I understand why we're using ip_ttl == 1, but I wonder whether you
considered following RFC 5082 and therefore using (and checking for)
ip_ttl == 255.

> +    ip->ip_proto = IPPROTO_UDP;
> +    ip->ip_src = htonl(0xA9FE0100); /* 169.254.1.0 Link Local. */
> +    ip->ip_dst = htonl(0xA9FE0101); /* 169.254.1.1 Link Local. */
> +    ip->ip_csum = csum(ip, sizeof *ip);
> +
> +    udp = ofpbuf_put_zeros(p, sizeof *udp);
> +    udp->udp_src = htons(bfd->udp_src);
> +    udp->udp_dst = htons(BFD_DEST_PORT);
> +    udp->udp_len = htons(sizeof *udp + sizeof(struct msg));

I'd be inclined to write "sizeof *msg" instead of "sizeof(struct
msg)" above.

> +    msg = ofpbuf_put_uninit(p, sizeof(struct msg));

Here too.

It looks like bfd_process_packet() expects the caller to have pulled
off everything except the L7 payload.  It would be nice to put this in
a comment.

I don't see a check for this requirement from 6.8.6 (I think it only
requires comparing p->size to msg->length):

      If the Length field is greater than the payload of the
      encapsulating protocol, the packet MUST be discarded.

The pseudocode at the end of 6.8.6 only mentions updating
bfd.LocalDiag in a couple of cases, but the implementation appears to
update LocalDiag in every case where it changes the session state.

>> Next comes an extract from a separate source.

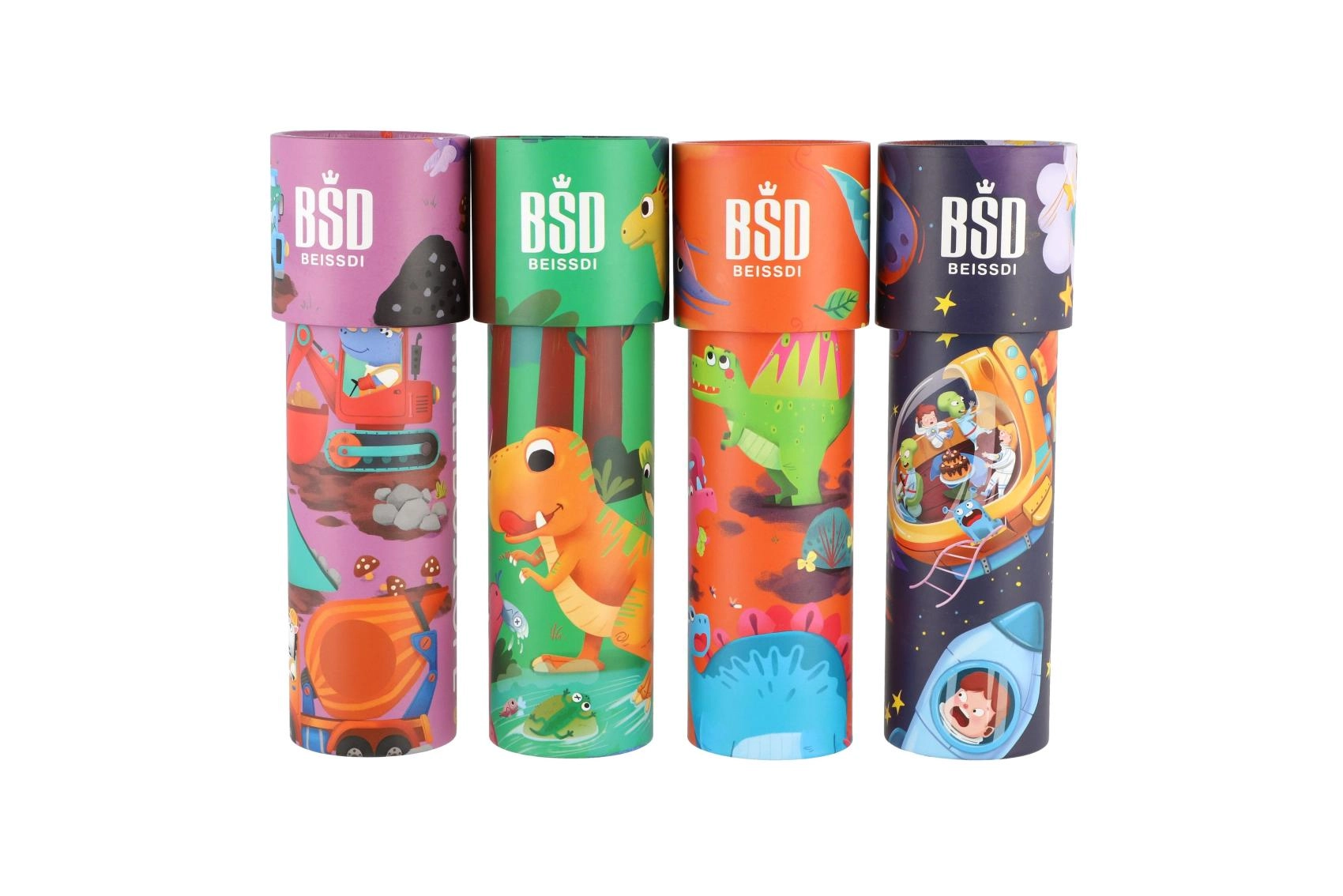Žaismingos dinozaurų iliustracijos skatina vaizduotę ir paverčia kaleidoskopą patrauklia maža dovana.

I don't see anything in bfd_process_packet() that corresponds to:

      If the packet was not discarded, it has been received for purposes
      of the Detection Time expiration rules in section 6.8.4.

but maybe I just missed it.

Perhaps the log message in bfd_poll() should include bfd->name.

In bfd_min_tx(), I'd be inclined to remove the outer () here:
> +    return (bfd->state == STATE_UP ? bfd->min_tx : MAX(bfd->min_tx, 1000));

In bfd_tx_interval(), I'm not wild about putting MAX around a function
call here either.

In bfd_flag_str(), please use ovs_strlcpy() instead of strncpy().
There is occasionally a good reason to use strncpy().  However:

        * Using strncpy() into a large buffer can be very inefficient.
          strncpy() always writes to every byte in the destination
          buffer, which can waste a lot of time if the destination
          buffer is much longer than the source string.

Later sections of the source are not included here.